Não têm um pelourinho aí na Praça do Município? (daqui, de Vila Real não consigo vislumbrar). Se sim, então é fácil:
Como o humilde trabalhador colocou a bandeira de “cabeça para baixo”, depois de a ter içado e arreado várias vezes para desenferrujar o sarilho, apesar da ajuda de outro humilde trabalhador, pelo menos, e da inspeção de um superior hierárquico (continuo a pensar que tudo foi intencional, mas deve ser do meu mau intento), devem coloca-lo na mesma posição, no pelourinho, o mesmo tempo que a bandeira esteve nessa posição incómoda.
Quem desligou a escada rolante deveria carregar, no mesmo tempo, pessoas nesse trajeto.
O responsável pelo incidente diplomático deveria ser obrigado a acompanhar a Princesa do Mônaco Charlene, em todas as ausências do Príncipe, claro, a suas custas.
E assim por diante: Quem anda a METER A MÃO no dinheiro público seja por influência, lóbi, compadrio etc. , sabem o que poderia ser feito nesse pelourinho… e escusava-mos de ter umas peças lindíssimas só para turista ver…

Anónimo disse...

Agora, imagine-se a quantidade de jolas que foram vendidas à custa da sede causada pelo esforço de subir as escadas...

Há que ter visão!

Anónimo disse...

Incrivel ... a história das credenciais é absolutamente vergonhosa, não ter existido qualquer tipo de responsabilização a quem denegriu a imagem de Portugal e dos Portugueses perante um país estrangeiro é de brandar aos céus ....

N371111

Anónimo disse...

Agora percebo esta fome do Mónaco de ficar com os nossos jogadores. É a vingança!

Rubi disse...

Ia comentar dando outro exemplo, do péssimo funcionamento do Consulado de Portugal em Londres, que me está a empurrar para a nacionalidade britânica por já não aguentar a travessia do deserto que representa o resolver questões simples. Mas sinceramente nem tenho pachorra de escrever sobre isso. Reforço apenas a ideia do senhor embaixador, que não há tradução para 'accountability' e nem para 'to cope with'!

Anónimo disse...

fez muito bem sr embaixador

Anónimo disse...

Tem toda a razão, Francisco Seixas da Costa!
a) Rilvas

Anónimo disse...

Há vários anos foi-me contada uma história que se teria passado na Suécia: Então os suecos chamavam aos portugueses e também aos espanhois emigrantes, os "manhenas". Isso queria dizer que eles por norma, sempre deixavam algo para fazer, para o dia seguinte (amanhã)...

Anónimo disse...

Isto de se ser "estrangeirado" em Portugal tem os seus "quês" até porque não se pode compreender as razões válidas para o que se verifica. Às vezes o sofrimento é mesmo pungente. Mas como diria um avô meu, depois de uma estadia na América em 1914: Se isto [Portugal] fosse igual a Nova York não tinha graça nenhuma.

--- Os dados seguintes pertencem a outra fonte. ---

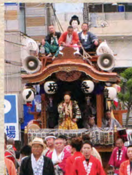
桜町四丁目の山車 三層人形山車 平成7年(1995)制作。人形「卓卓呼」は平成15年作。
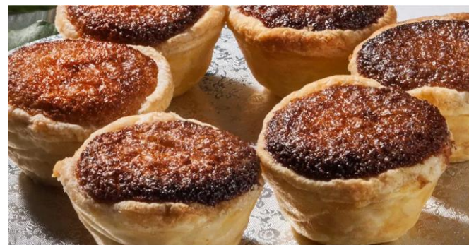
Imagem - Pasteis de toucinho de Arraiolos

Levam-se ao forno previamente aquecido a 180º.
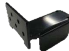
SSS-ST01 カメラステー ※SSS-CN03は不適合 ※SSS-CB01は不適合
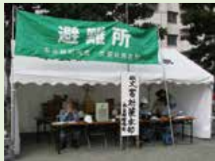
災害対策本部 情報連絡チームと無線機で連携
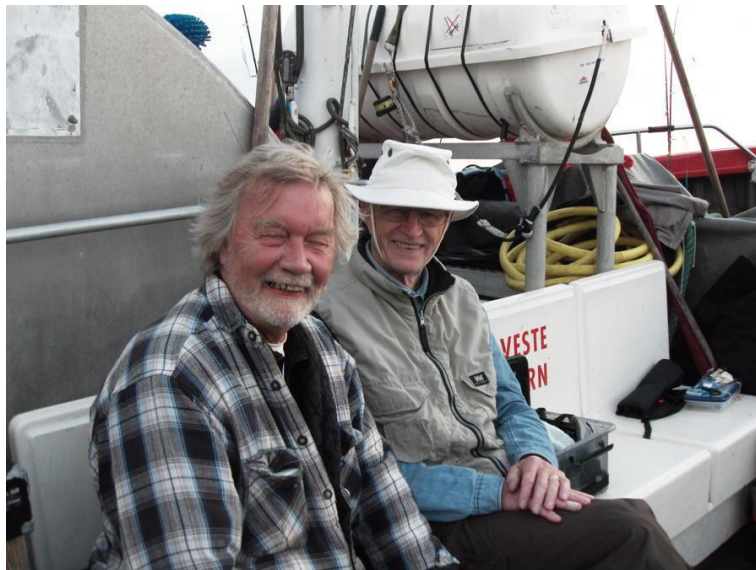
DE 2 GAMLE HVILER SIG PÅ AFTENTUREN
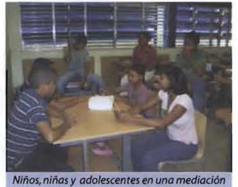
Niños, niñas y adolescentes en una mediación escolar.

Además tiene como proyección la instalación de un Centro en la provincia Santo Domingo.
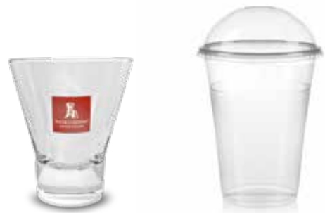
Bicchiere ypsilon grande Bicchiere da asporto 500 mL con cupola
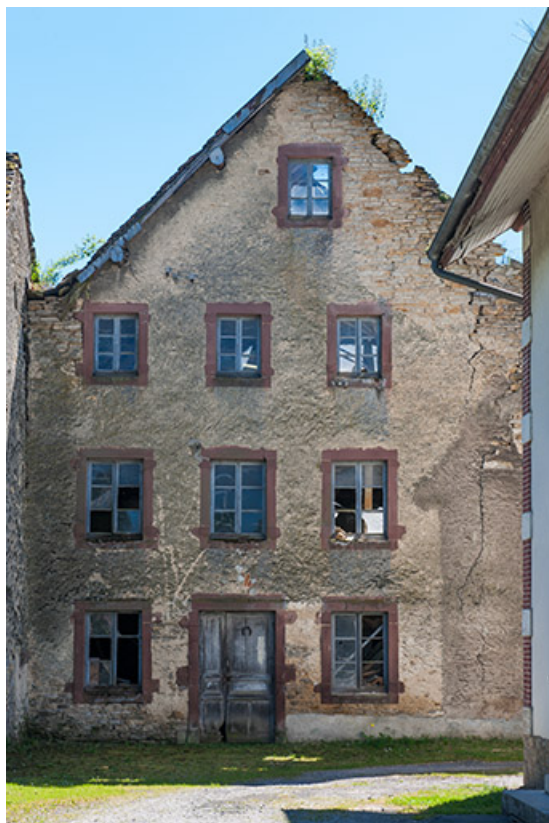
Pignon nord du moulin.

25, Dampierre-sur-le-Doubs rue du Moulin
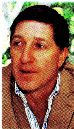
Saúl Kattan, economista.
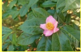
学名: Camellia rusticana × Camellia sinensis 科名: ツバキ

‘ロビラキ’ 「チャノキ」と「ユキツバキ」の自然交雑種です。両方の長所を受け継ぎ、ピンクの可愛い花を長期間咲かせます。
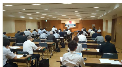
上：参展公司说明会下：记者发布会
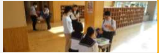
教職員が検温確認と除菌指導
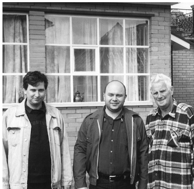
Рис. 3 / Fig. 3. С молодыми коллегами / With the young colleagues
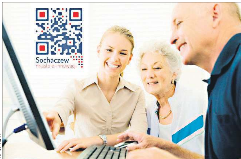
Większość seniorów chętnie uczy się korzystania z Internetu

Młode pokolenie uczy się obsługi komputera w szkole, w domu, w bibliotece. Bez lęku korzysta z serwisów społecznościowych czy bankowości elektronicznej. A co mają zrobić seniorzy, niepełnosprawni czy osoby niezamożne dokonujące wyboru między chlebem a rachunkiem za internet? Właśnie z myślą o grupach zagrożonych wykluczeniem cyfrowym powstał projekt „Sochaczew Miasto e-Innowacji”. Na budowę sieci dostarczającej sygnał internetowy do domów, zakup anten odbiorczych, 50 komputerów, wsparcie informatyka, sochaczewski ratusz pozyskał unijne dofinansowanie.
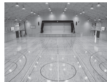
▲芳賀中学校体育館耐震補強および大規模改造工事 2億5,304万円
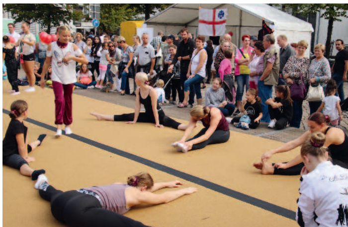
Vereine und Gruppierungen präsentierten sich auf dem Lohner Stadtfest.
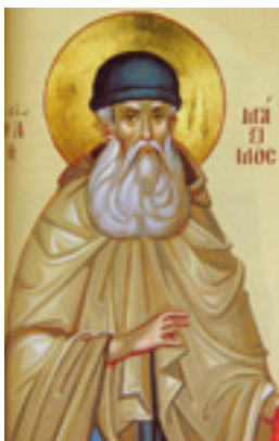
Άγιος Μάξιμος ο Γραικός
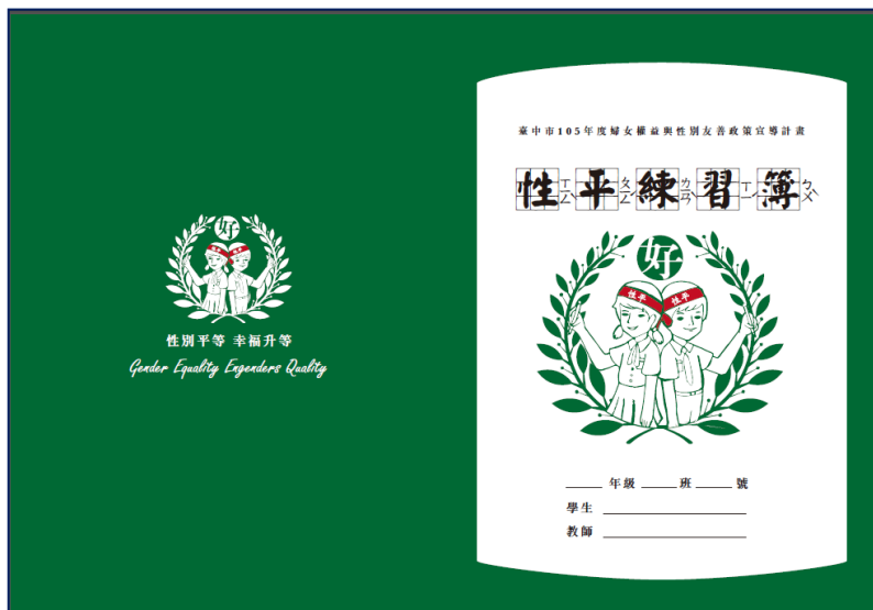
懷舊復古的「性平練習簿」(封面)
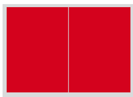
2/1 Satzspiegel 320 x 220 mm Fr. 6'300.-
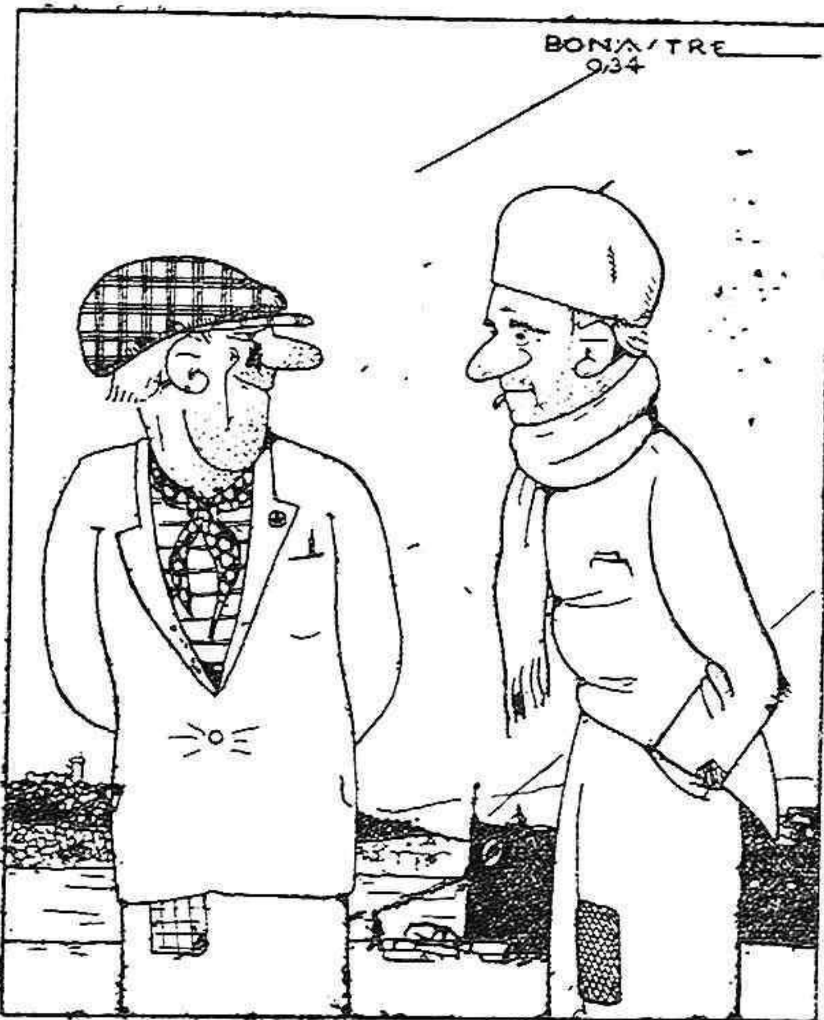
—A n'és camps de futbol només sónen es pitos? —No, are també sónen ets arbitrs.
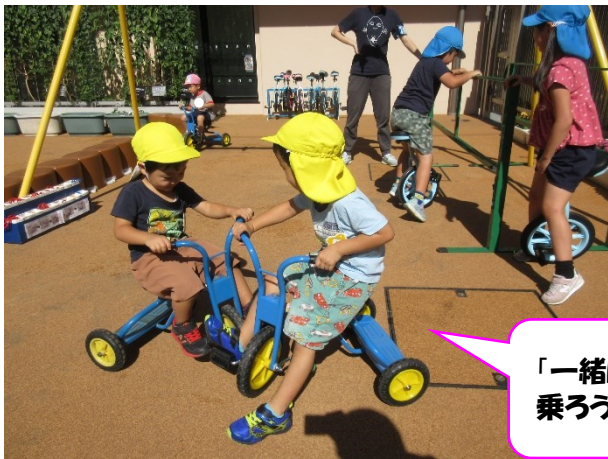
「一緒に三輪車に乗ろう」
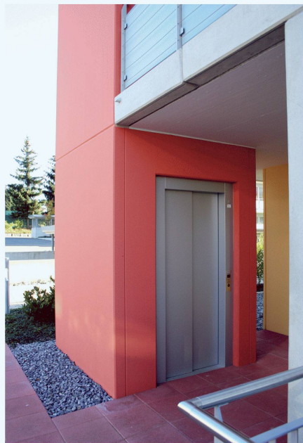
Fertiger Aussen-Liftschacht. Die feine Oberfläche des Betons kann leicht überstrichen werden.

Liftschächte nach Mass, im Elementwerk hergestellt, reduzieren die Bauzeit und die Kosten bei Neubauten wie auch bei Umbauten und Renovationen. Knapper Platz und komplizierte Zugänglichkeit verhindern oft das Schalen und Betonieren des Liftschachts vor Ort. Hier bietet sich die Elementbauweise geradezu an.
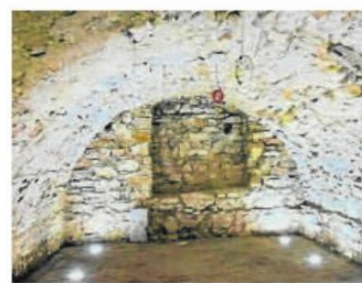
Wnętra idealnie nadają się do prezentacji eksponatów związanych z odległą historią
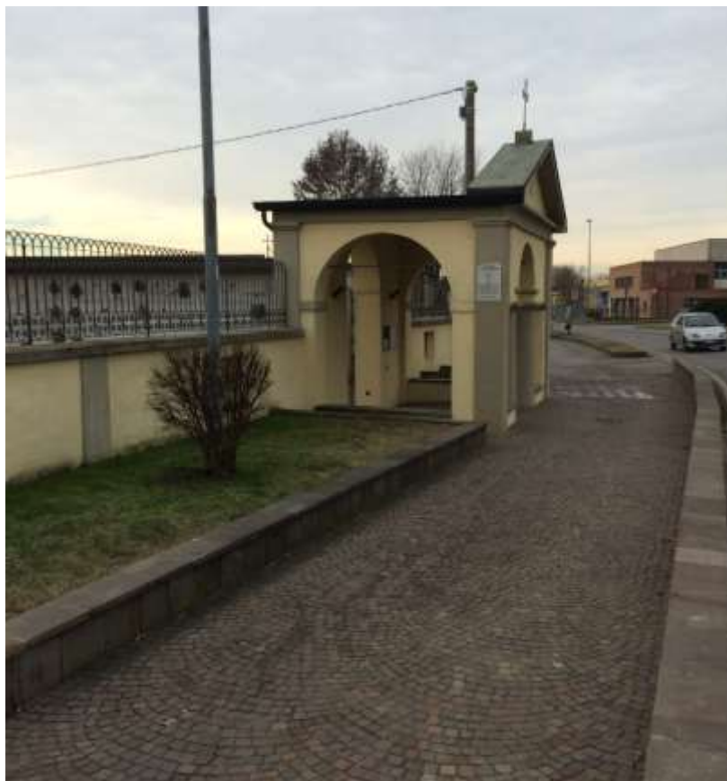
fig.3 – Vista del cimitero da Via De Gasperi
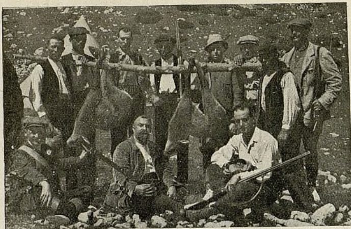
Grupo de cazadores con las piezas cobradas

Y en medio de esa decoración sublime, intransplantable a ningún telón de fondo por hábil que fuese el pincel del más reputado de los escenógrafos, los cazadores recorren la sierra
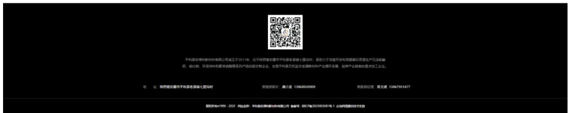
图 3.2-1 二次公示网络截图
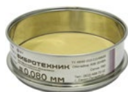
Сито С 12/38 с сеткой из латуни
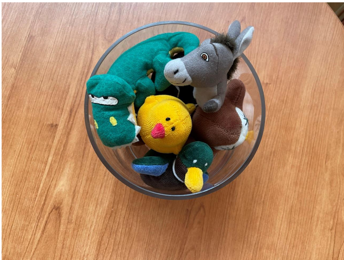
Obrázek 9: Maňasci k pohádce „Jak si zvířátka povídají o strachu“
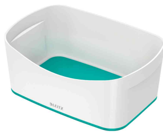
Utensilienschale My Box, weiß / eisblau
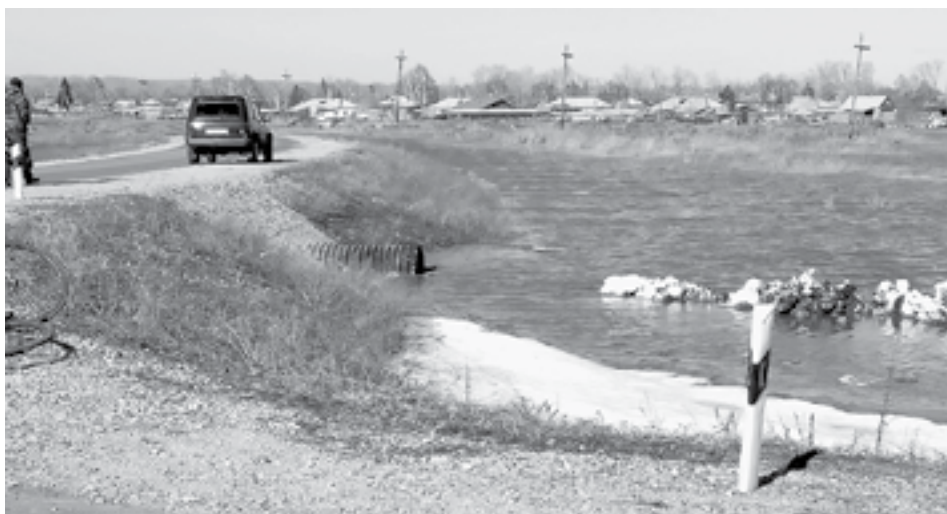
Разлившаяся вода добавила хлопот жителям села Советский Путь.

— В 2019 году по разработанному проекту построили новый объект. Он включил в себя вместо двух мостов с пропускной площадью 15 кв. м одну трубу 8 кв. м, которая при этом оказалась выше нижнего уровня старых мостов, — рассказал Константин Московкин. — Было поднято дорожное полотно, создана искусственная дамба, которая в этом году направила поток воды на село. Резервная труба, установленная за объездной дорогой, оказалась выше, чем
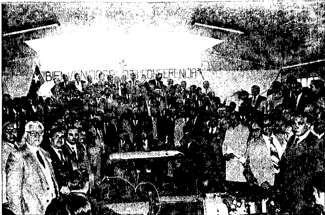
Pastores y Pastoras en la Conferencia Internacional realizada en la ciudad de Puerto Montt.
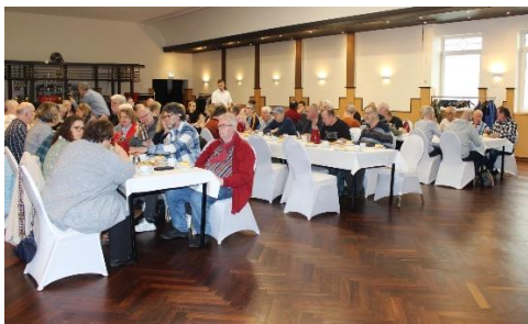
Voller Saal in Cloppenburg
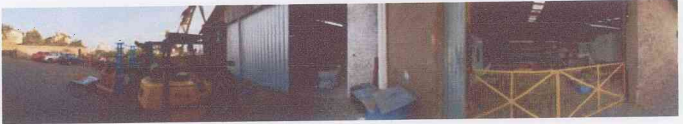
Imagem 360° do local:

SEG CONSULTORIA LTDA CNPJ: 12.062.754/0001-55 I.E 045/0104460 Rua Carlos Maggioni, 145 A Bairro: São Luís Farroupilha – RS CEP: 95.170-790 Fone: (54) 9 9923 5475 www.seg.ind.br
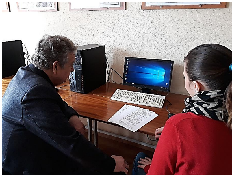
Робота з аспірантом (2018 р.)
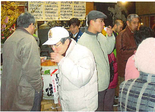
試飲をする人で賑わう勝屋酒造
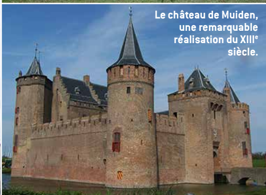
Le château de Muiden, une remarquable réalisation du XIII e siècle.
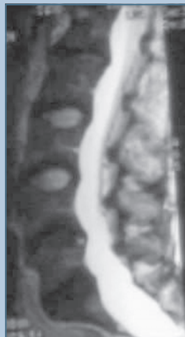
Рис. 7 МРТ при дуральной эктазии в пояснично-крестцовом отделе [5]
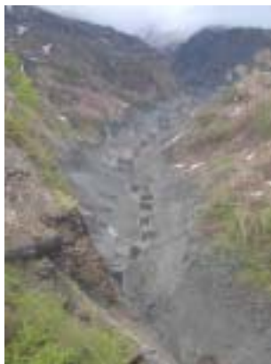
土石流の発生した別当谷全景
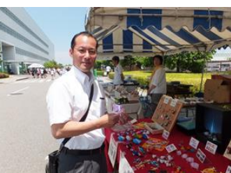
■5月31日 善明わくわくホリデーに出席する。
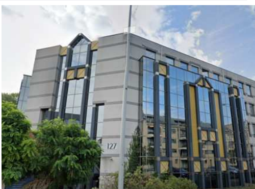
Evere - Belgique
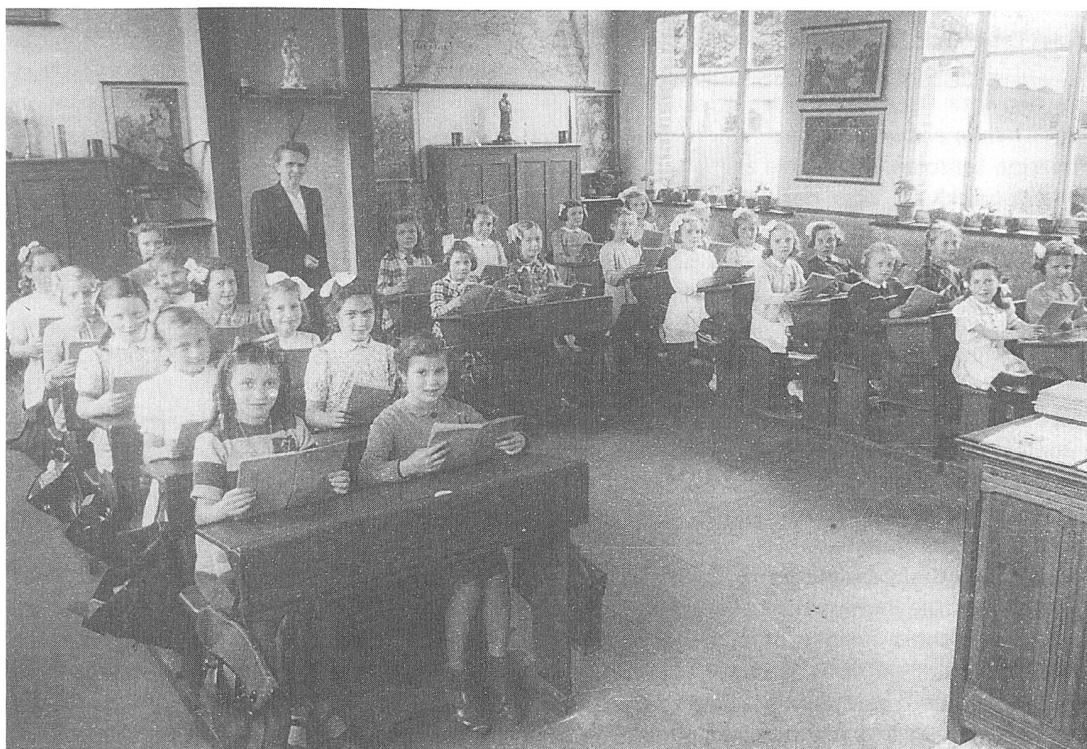
Die "Grammatik" von Schulung und Verschulung: eine Klasse in der Primarschule für Mädchen: Moerbeke-Waas, ca. 1945

und auch schon davor – verkündet wurden. Aber so einfach war das alles nun auch wieder nicht, denn nicht nur die Ankündigung eines Wissensniveaus sorgte für die Inkonsistenz der pädagogischen Ideale.

Portugalredecouvertes disse...

Sr. Embaixador
se calhar as pessoas responsáveis pela escada rolante estavam a preparar as festas da cidade!
o pessoal não é assim muito, e não poderá estar em vários sítios ao mesmo tempo.

Angela

EGR disse...

Senhor Embaixador : direi simplesmente que felizmente, ainda vai havendo quem, se indigne com tais episódios e os divulgue.
Pala minha parte agradeço-lhe.

Anónimo disse...

A escada não esteve avariada de propósito para as festas! Está há bem mais de oito dias e isso é uma situação muito recorrente. E a que se estraga é sempre a que sobe!
João Vieira

Anónimo disse...

Peço-lhe imensas desculpas, mas um processo disciplinar ao funcionário da bandeira é ir um bocadinho longe de mais. Veja lá a quantidade de processos disciplinares para omissões, imprecisões, erros de julgamento e outras, derivadas, muitas vezes, de idiossincrasias, não seriam aplicados, com mais razão, a pessoas com responsabilidades e de estatuto muito mais elevado.
Querer dar o exemplo a partir do senhor da bandeira parece-me, nos tempos que correm, mais do mesmo.